The HITECH Act significantly strengthened the available legal tools for enforcing health information privacy law, according federal health officials, who pledged to step up their pursuit of health security and privacy rule violators.
Last year's health IT law tightened the Health Insurance Portability and Accountability Act's (HIPAA) security and privacy rules, increased fines, and centralized oversight in HHS' Office of Civil Rights. OCR, which issued an enforcement rule that took effect in November, can now impose penalties of up to $1.5 million per violation.
"OCR has significantly strengthened tools with which to obtain compliance," said Marilou King, senior attorney and acting senior advisor for privacy compliance and enforcement in HHS's Office of General Counsel Civil Rights Division.
King spokes at a May 11 at a conference on privacy and security sponsored by OCR and the National Institute for Standards and Technology.
"And the goal of the enforcement program will be to obtain compliance from covered entities and from new regulated entities as HITECH has authorized," she said, referring to healthcare providers, plans and their business partners.
Some at the conference said it was expensive for small physician practices to comply with HIPAA security and privacy provisions. In response, King said, "the cost of compliance may now, in view of these penalty amounts, look a lot more reasonable than the cost of doing nothing."
Susan McAndrew, OCR's deputy director for privacy, said that without a set of sound policies and practices, privacy "would be just a principle.

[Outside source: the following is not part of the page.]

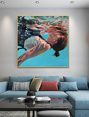 pintura a óleo artesanal lona decoração da arte da parede moderno abstrato subaquático retrato de uma menina nadando decoração do quarto de casa rolou pintura não esticada sem moldura

We want it to be a reality for consumers," she said.
The result will "infuse consumer confidence to put their information into electronic health records and to advance sharing this information in order to improve the quality of healthcare and the efficiency that the industry needs," she added.
OCR has already received more privacy and security complaints this year than last year, said David Holtzman, a health information privacy specialist at OCR.
Most of the complaints warrant investigation, and of those, 74 percent result in the provider or plan making a "systemic change" to resolve the complaint and improve privacy and security, he said.
Complaints are most often related to gaps in information access management, access controls, security awareness training and device and media controls, Holtzman said.
For example, a small practice lost personal health information because its desktop computer was stolen and the data it held was not encrypted. The computer also held almost all of the information they needed to maintain daily operations.
"The loss of the device was crippling because of the chances that the information would get out to unauthorized individuals but also because they did not have the information needed to carry on the practice," Holtzman said.
OCR worked with the provider simply to come up with stronger locks and doors and to set up encryption for their storage media.
In another example, a provider unintentionally made personal health information accessible online as the result of the network effect of trying to update security patches throughout its various information systems.
Patch management on one information system "had an unintended but devastating effect on another information system," that shared access to the network, he said.